I am sure she wasn’t the first but she was the one that sticks in my mind. Over the years I am sure there have been other examples of the phenomenon but Paris Hilton epitomises the concept. Famous for being famous. Most ‘famous’ people have achieved something of note – or notoriety – and become famous as a result of that. Think of household names such as Elon Musk (Tesla and PayPal); Mark  Zuckerberg (Facebook); Bill Gates (Microsoft); Larry Page (Google) and the late Steve Jobs (Apple). They have all created something significant and become famous as a result of their work. Outside of technology you could list Barack Obama; Usain Bolt; Tom Cruise; Paul McCartney; J.K. Rowling; Oprah Winfrey and many more. They are all extraordinarily talented people who have become famous as a result of hard work and using those talents.

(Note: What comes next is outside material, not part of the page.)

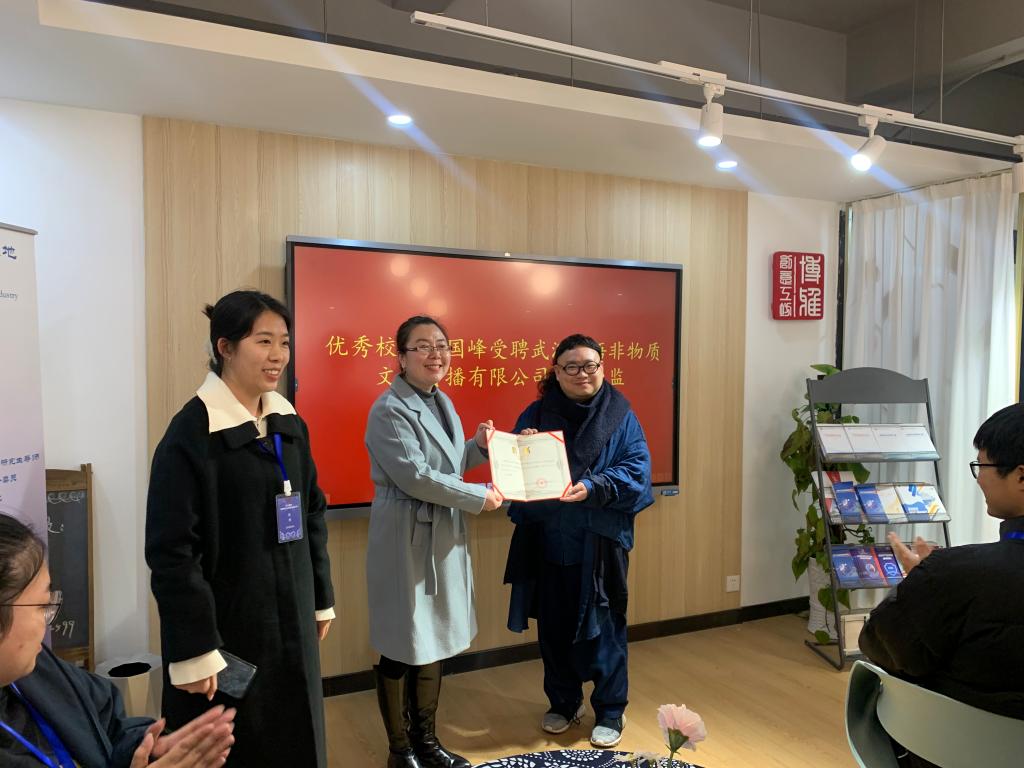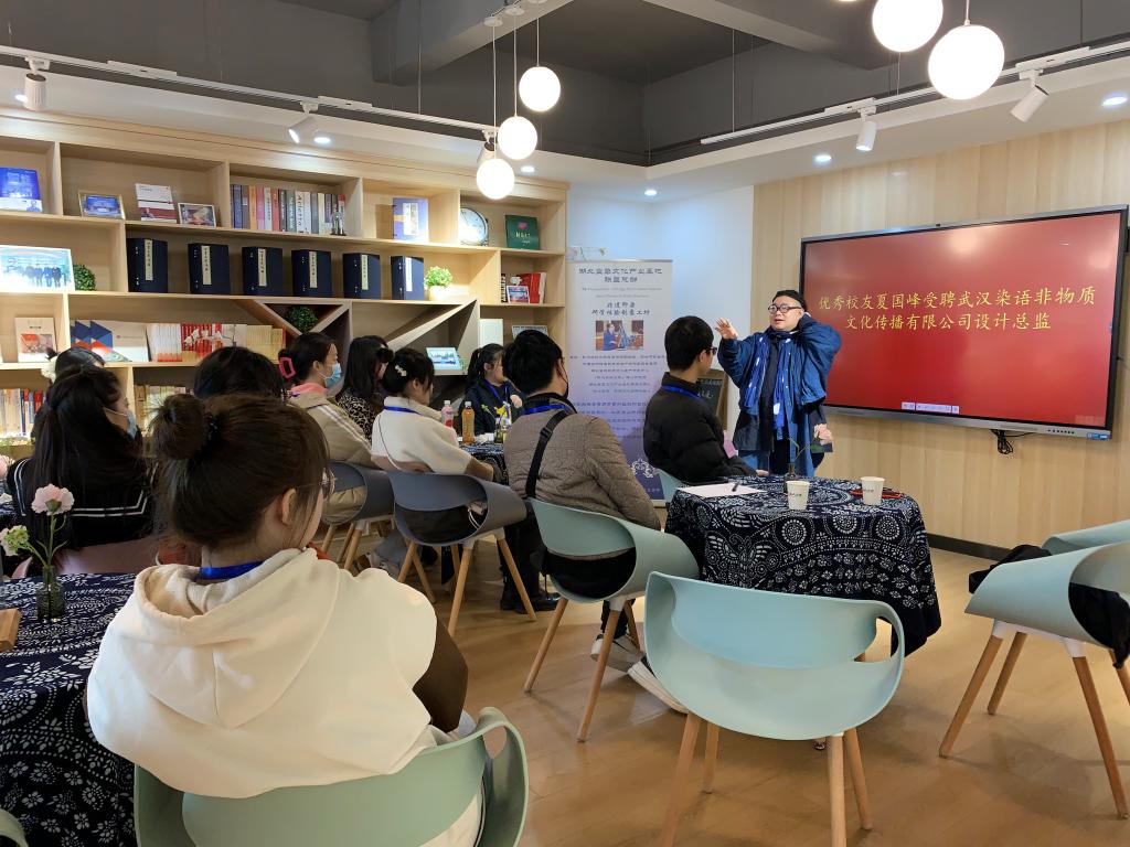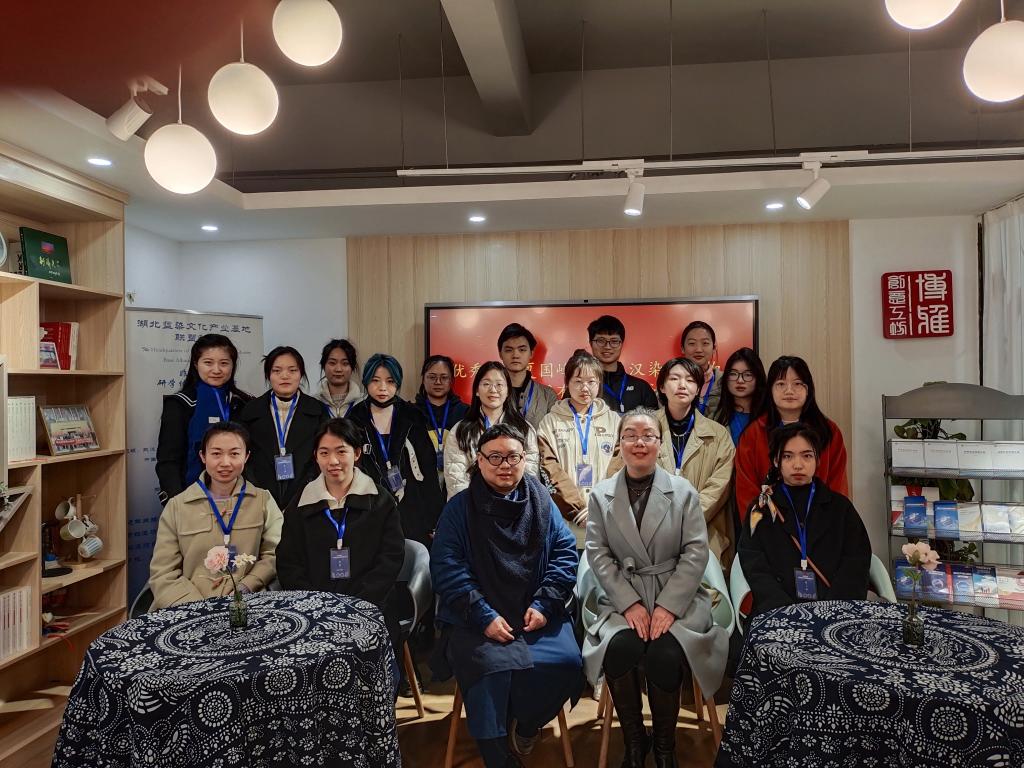 2月25日下午,在华中师范大学国家大学科技园湖北蓝染文化产业基地联盟总部——非遗印染研学体验工坊,举办了一场“与设计师面对面”的交流活动。英国上市公司官网365优秀员工夏国峰受聘担任武汉染语非物质文化传播有限公司设计总监一职,公司董事长、英国上市公司官网365研究生罗家萍主持,团队导师王妮副教授为其颁发聘书,公司二十多名成员参加。

Then we have Paris Hilton.

Her significant achievement, it would seem, was to be born. It just so happened that her great-grandfather was Conrad Hilton, the founder of Hilton Hotels. With no lack of finances, she became what is known as a celebutante – she was the focus of enough media attention and public interest that she became regarded as a celebrity. I suppose that in itself is an achievement when you consider that Paris became famous before we had social media like we have today but now we see many people using social media in the same way Paris used her wealth. And it has just gone to the next level.

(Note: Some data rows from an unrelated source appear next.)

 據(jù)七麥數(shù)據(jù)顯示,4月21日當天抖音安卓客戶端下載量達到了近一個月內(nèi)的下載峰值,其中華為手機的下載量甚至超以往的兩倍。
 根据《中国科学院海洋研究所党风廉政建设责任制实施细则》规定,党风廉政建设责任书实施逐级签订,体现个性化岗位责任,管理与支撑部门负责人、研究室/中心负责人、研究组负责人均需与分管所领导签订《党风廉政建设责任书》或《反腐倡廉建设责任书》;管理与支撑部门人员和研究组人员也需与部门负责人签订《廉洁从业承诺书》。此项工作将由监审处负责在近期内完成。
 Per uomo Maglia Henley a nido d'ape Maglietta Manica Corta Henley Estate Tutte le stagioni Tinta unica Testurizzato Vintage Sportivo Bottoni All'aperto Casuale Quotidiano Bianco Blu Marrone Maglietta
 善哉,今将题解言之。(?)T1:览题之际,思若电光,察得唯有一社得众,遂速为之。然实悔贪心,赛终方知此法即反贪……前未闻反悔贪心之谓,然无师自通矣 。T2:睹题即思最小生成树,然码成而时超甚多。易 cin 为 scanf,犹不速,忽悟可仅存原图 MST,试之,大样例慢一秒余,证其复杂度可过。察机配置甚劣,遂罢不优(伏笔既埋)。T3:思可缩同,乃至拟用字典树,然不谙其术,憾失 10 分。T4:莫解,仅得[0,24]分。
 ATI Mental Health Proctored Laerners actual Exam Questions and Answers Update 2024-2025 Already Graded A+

A Chinese University has started offering classes for people who want to become Internet famous. The culture in China is known as ‘wanghong’ or ‘Internet famous’ and to enrol in wanghong classes means you will learn how to dress fashionably; apply makeup; recognise luxury brands and, of course, perform in front of a camera. The wanghong students are easy to spot – they are the ones walking around campus holding a selfie stick seemingly talking to themselves but, of course, they are talking to their ever-growing list of followers hoping to build the numbers to a level that major brands will want to use their channel to market a product. Students are switching from more traditional majors such as accounting and legal studies to a major in wanghong. Even though I am not aware of anywhere else in the world offering University classes in how to become famous via the Internet, the activity is occurring everywhere you turn. There was the incident this week when an Algerian man held his baby over a balcony and posted the picture with the threat “1,000 likes or I’ll drop him” hoping that his radical approach would make him famous. It achieved part of his outcome – he is now known as the man who was arrested for endangering his child.

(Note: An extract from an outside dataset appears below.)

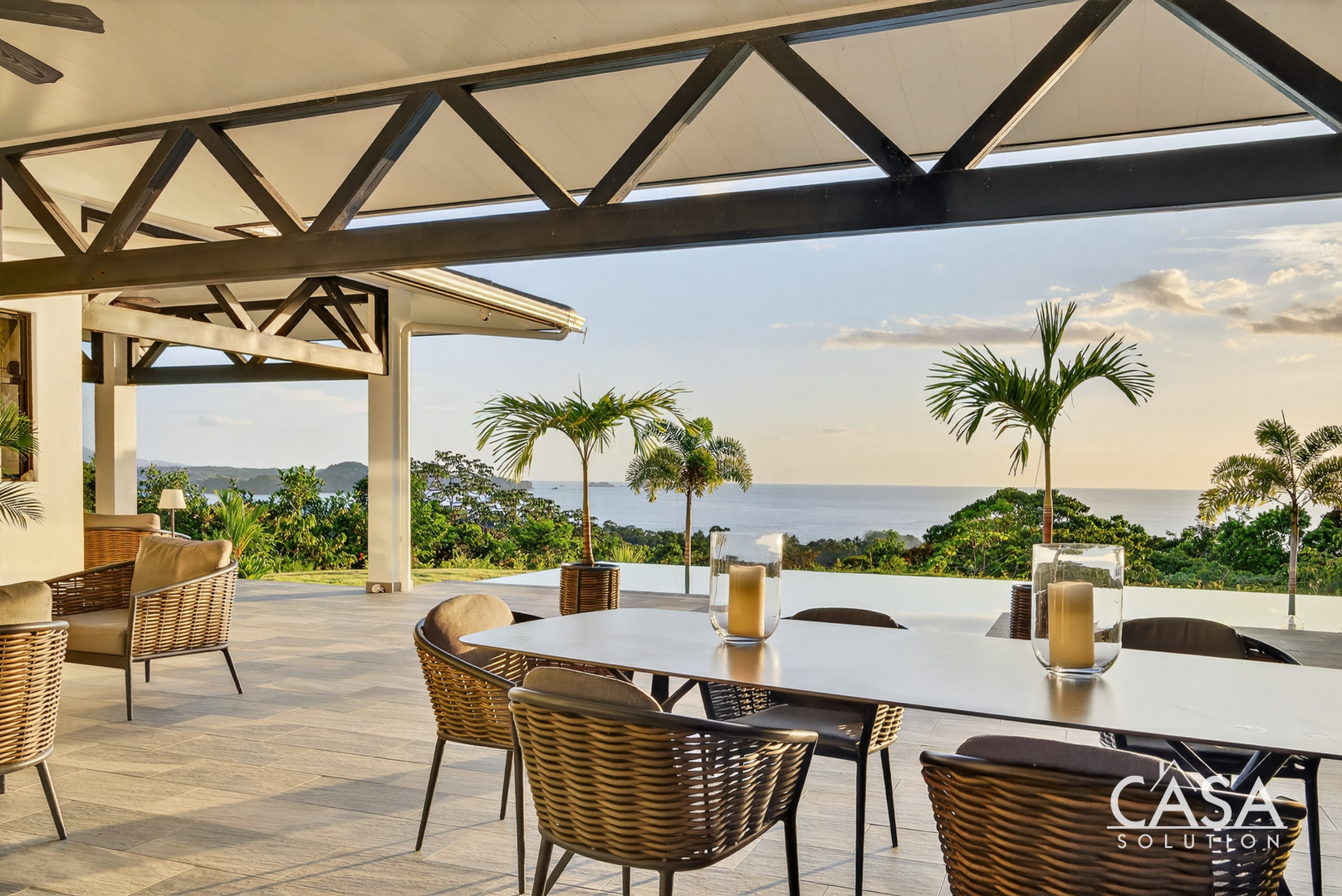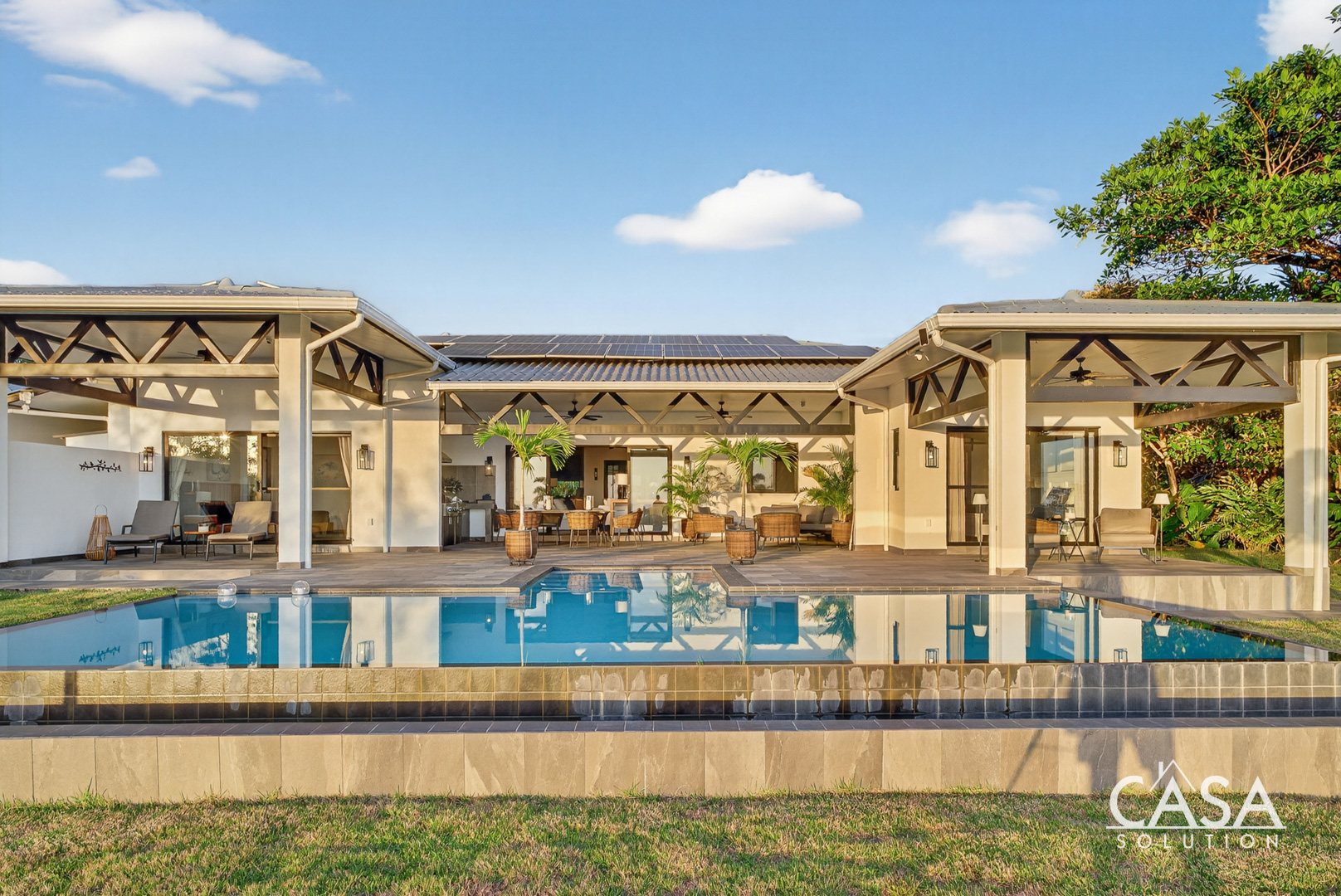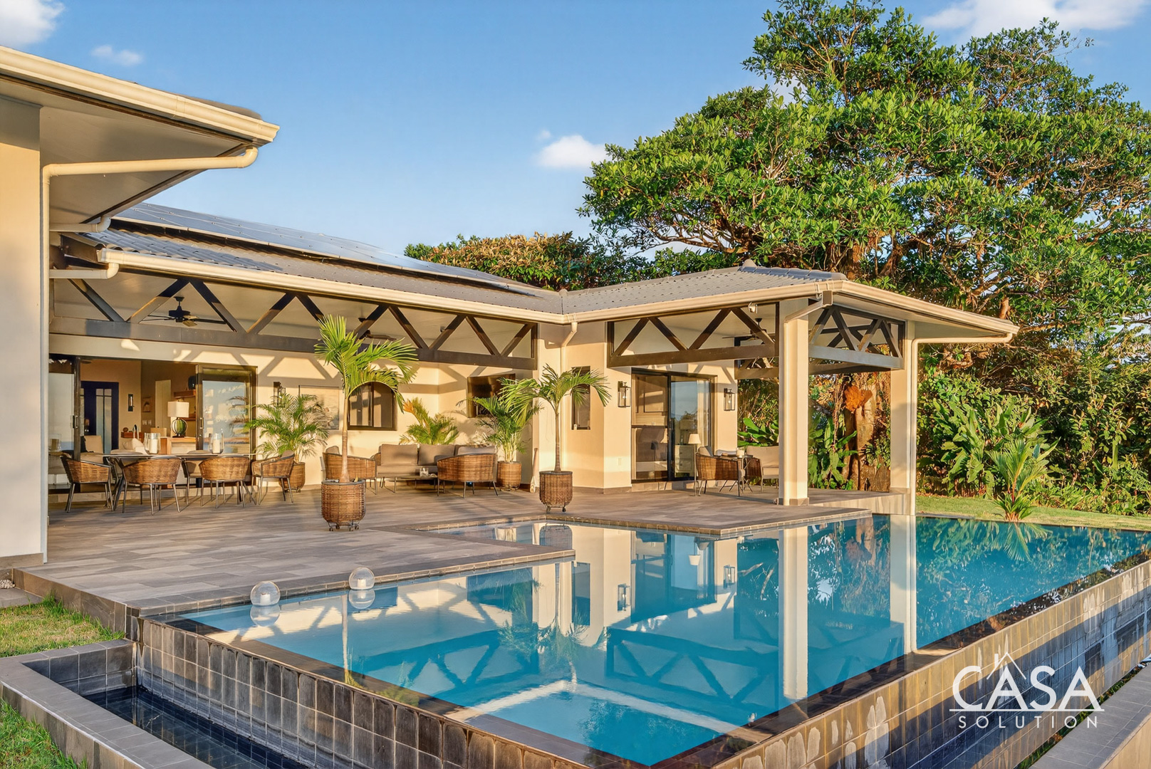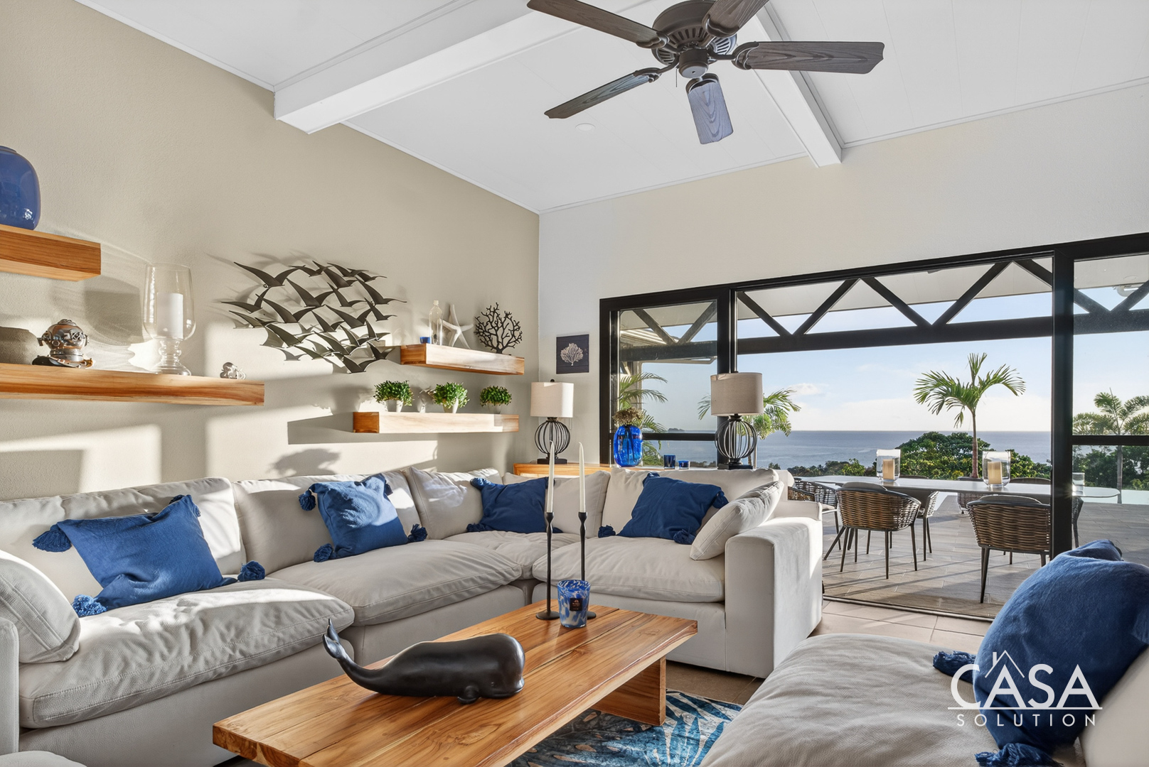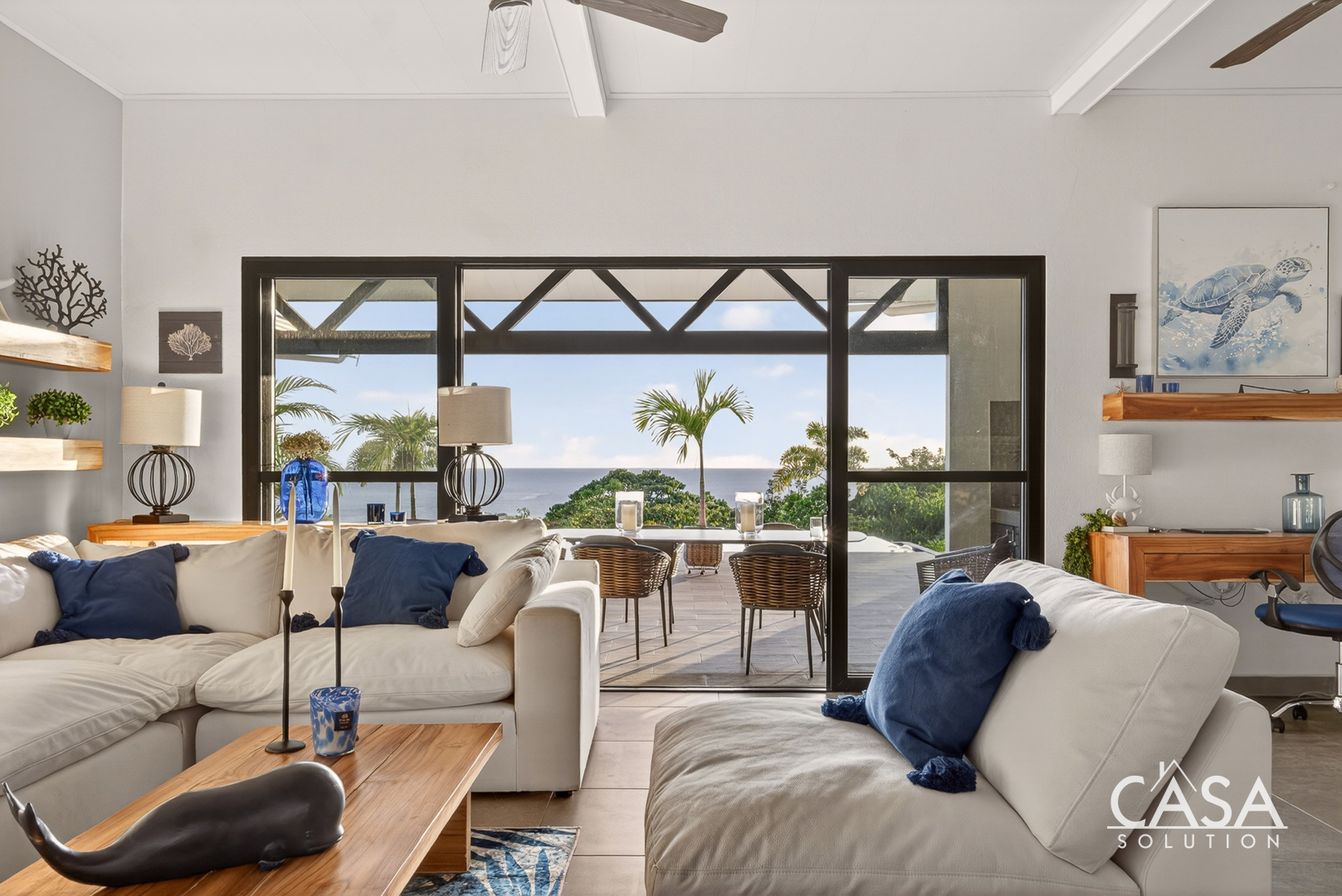 The lawn is planted with Zoysia Toro grass and is impeccably maintained, creating a clean, soft frame around the home. Wildlife is a regular part of life here, with monkeys occasionally passing through and toucans adding color and movement to the landscape. The ocean view is enriched by sightlines toward Los Islotes island, giving the scenery depth and topographical interest rather than a flat, uninterrupted horizon.

The most subscribed YouTube channel in the world is a simple channel called PewDiePie which features Swede Felix Kjellberg playing video games and commenting as he plays. He is not a world champion gamer and doesn’t offer super hidden secrets in his games. He just plays and comments. It doesn’t sound like much but 55 million subscribers converts into a multi-million dollar monthly income just for playing video games. It makes it sound a bit hollow when I tell my teenage son to stop playing video games and do some real study!

This is just scratching the surface. Daniel Middleton has 14.9 million subscribers who watch him review video games. Roman Atwood has 12.6 million subscribers who watch him post updates about his daily life. The list goes on. Forget about finding your talent and working hard for years to succeed using your talent – just start a YouTube channel! I suppose that in itself is a talent. I will be interested to see how long before Universities in Australia start offering the equivalent of wanghong courses.

App of the Week is Meditapes. You can use this app to create your own relaxing sounds to improve sleep and stay calm (or so it is claimed). After Wednesday night’s performance, I think the NSW State of Origin team used Meditapes at halftime!